* Given material *
^^^^^^^^

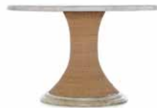
1672-75204-00 48-inch Round Pedestal Dining Table Poplar and Hardwood Solids with Resin, Rope and Marble; Will accommodate up to five chairs from the Amani Collection, marble top 48 Dia. x 30H (122 x 122 x 76 cm) shown on page 2, 3
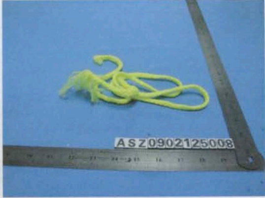
NEON YELLOW CRAFT CORD
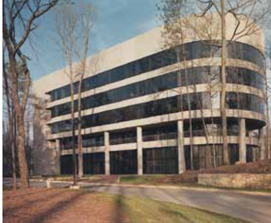
Figure 5 The Chick-fil-A corporate headquarters in Atlanta has added an annex, constructed 15 years after the original, that is clad with the same precast mix design and panel detailing, seamlessly blending the two structures into a corporate campus.

In some cases, durability and strength are significant factors in a client's program. In designing a data-processing center for a major financial institution in North Carolina, we decided on an all-precast concrete structure, using 14-inch-thick, load-bearing precast concrete wall panels to meet the owner's aggressive construction schedule and stringent performance criteria (see Fig. 7 ). Due to the sensitive nature of the building's operations, the owner's criteria required the building to withstand high wind loads as well as enhanced seismic loads.

^^^^^^^^

* Task requirements *
Leave the pictures out and reproduce exactly the lines from the top of the listing above through the line with "Figure 5 The".

* Task output *
1672-75204-00 48-inch Round Pedestal Dining Table Poplar and Hardwood Solids with Resin, Rope and Marble; Will accommodate up to five chairs from the Amani Collection, marble top 48 Dia. x 30H (122 x 122 x 76 cm) shown on page 2, 3
NEON YELLOW CRAFT CORD
Figure 5 The Chick-fil-A corporate headquarters in Atlanta has added an annex, constructed 15 years after the original, that is clad with the same precast mix design and panel detailing, seamlessly blending the two structures into a corporate campus.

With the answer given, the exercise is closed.